With raw data it is very difficult to know whether the model is getting it right or not. To do this, we must compare it with reality. There are many metrics to measure the effectiveness of a model in predicting, including accuracy, which is the fraction of predictions that the model makes correctly.

In [5]:

from sklearn.metrics import accuracy_score

accuracy_score(y_test, y_pred)

Out[5]:

0.8473282442748091

The above value would be interpreted as the model having predicted, out of 262 passengers, the survival outcome of 222 of them (whether they survived or not) correctly.

In addition to the observed model score, it is common in classification problems to construct a confusion matrix, which is a table that is organized such that each row of the matrix represents instances of a predicted class, while each column represents instances of an actual class:

In [6]:

import matplotlib.pyplot as plt
import seaborn as sns
from sklearn.metrics import confusion_matrix

titanic_cm = confusion_matrix(y_test, y_pred)

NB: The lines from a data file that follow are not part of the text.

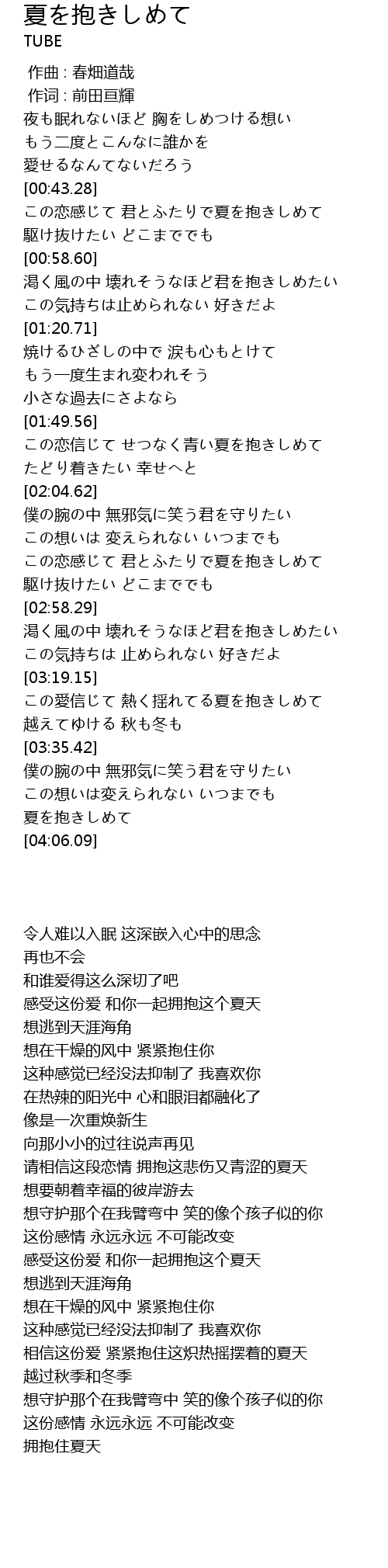 | [03:56.65] | 夏を抱きしめて |
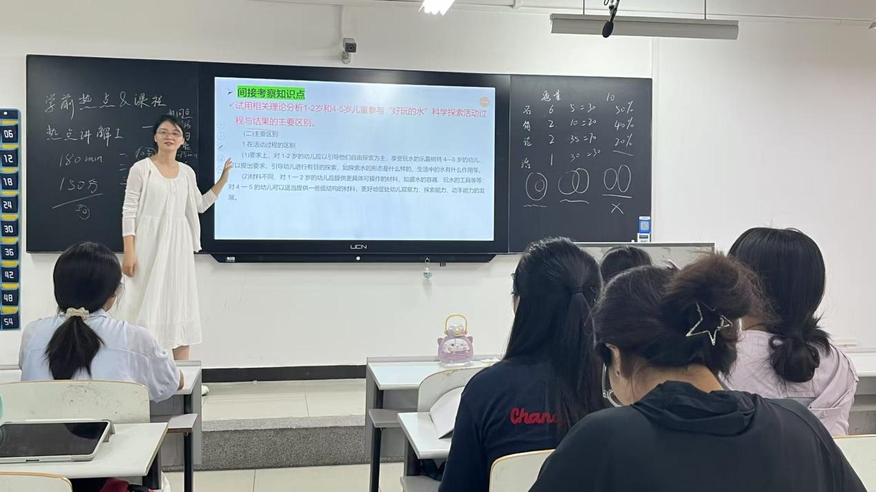 学前教育专业的王晴老师带来了两门干货满满的课程。在学前教育热点解析课程中,她聚焦前沿政策新规,探讨新兴元素融入学前教育的实践案例与发展趋势,解读热点模块,让学生把握行业动态。而在幼儿园课程专题课程里,她先梳理坚实的理论基础,再讲解主题课程、领域课程设计逻辑,深入分析课程实施要点,有效提升学生分析与解答问题的能力,为学生未来从事学前教育工作或深造奠定坚实基础。
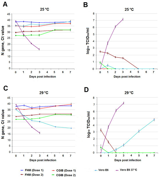 SARS-CoV-2 infection in fish cell cultures FHM, CGIB, and Vero E6 comparison culture over time. (A,C)—Ct values at 25 °C and 29 °C. (B,D)—infectious titer of SARS-CoV-2 log10 TCID50/mL at 25 °C and 29 °C. For comparison, data on SARS-CoV-2 infection in Vero E6 at 37 °C are presented.
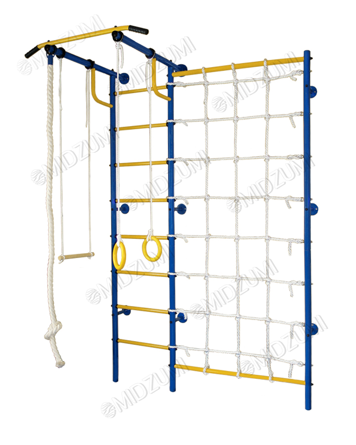 | Комплектация | основа - металлическая шведская стенка Г-образной формы с турником, гимнастические кольца, канат, трапеция, канатный лаз |

# Let's draw this matrix to make it more visual
cm_df = pd.DataFrame(titanic_cm)

plt.figure(figsize = (3, 3))
sns.heatmap(cm_df, annot=True, fmt="d", cbar=False)

plt.tight_layout()

plt.show()

No description has been provided for this image

The interpretation of a confusion matrix is as follows:

True positive (TP): corresponds to the number 142 and are the cases where the model predicted positive (no survival) and the actual class is also positive.
True negative (TN): Corresponds to the number 80 and are the cases where the model predicted negative (survival) and the actual class is also negative.
False positive (FP): Corresponds to the number 23 and are the cases in which the model predicted positive, but the actual class is negative.
False negative (FN): Corresponds to the number 17 and are the cases where the model predicted negative, but the actual class is positive.

These four measures are often used to calculate more complex metrics.

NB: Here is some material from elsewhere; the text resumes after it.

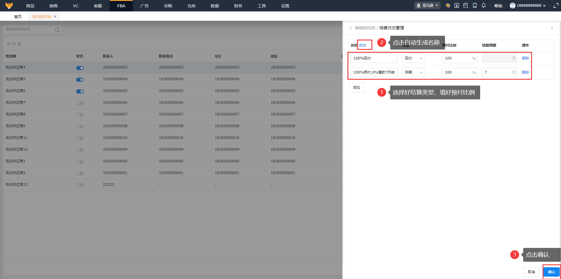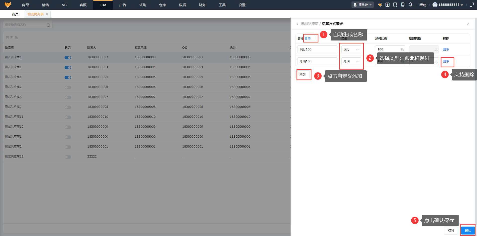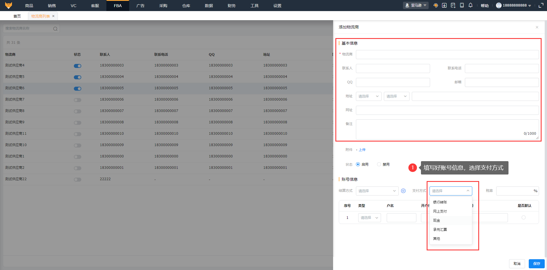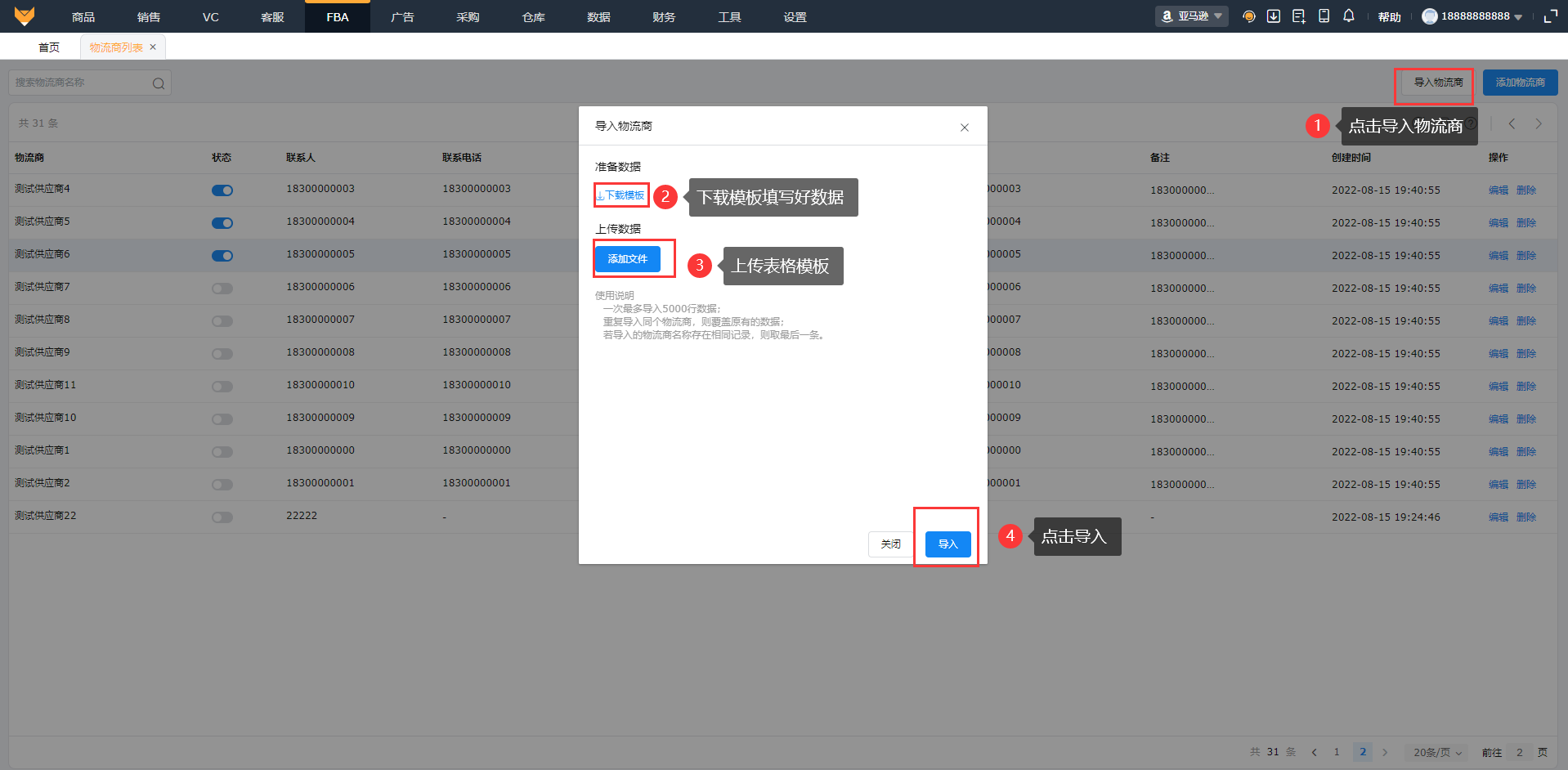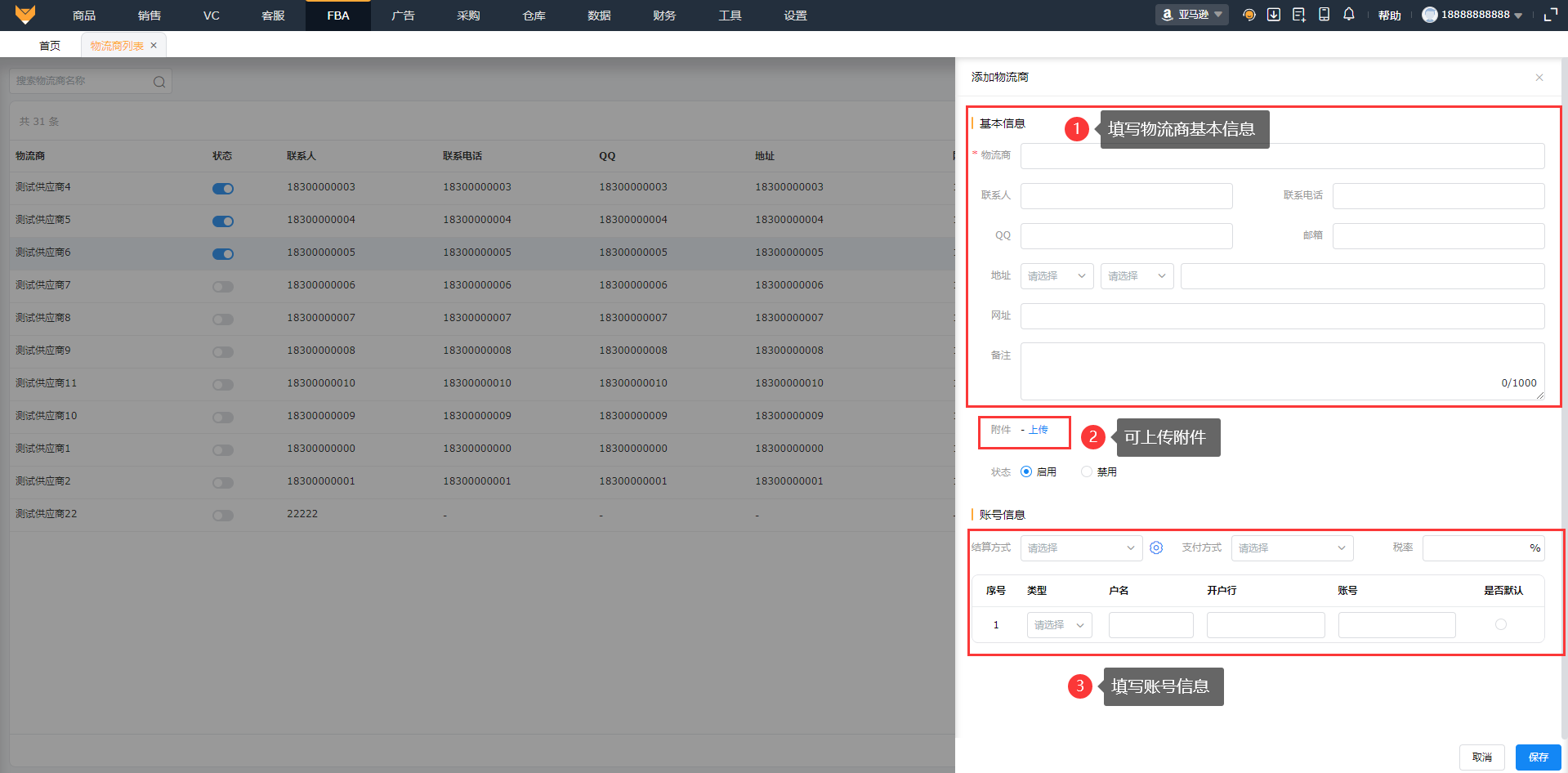 入口:【FBA】-【物流商列表】(1)点击“添加物流商”或者导入物流商添加,填写基本信息记录物流商,可上传附件,最多上传5个,支持上传zip格式的压缩文件。

Step 4: Optimization of results¶

As we have seen, the base model (with all predefined parameters) of the logistic regression obtains just over 84% accuracy. However, modifying the model parameters could lead to a significant improvement (or worsening) of the results. There are several strategies, such as regularized models.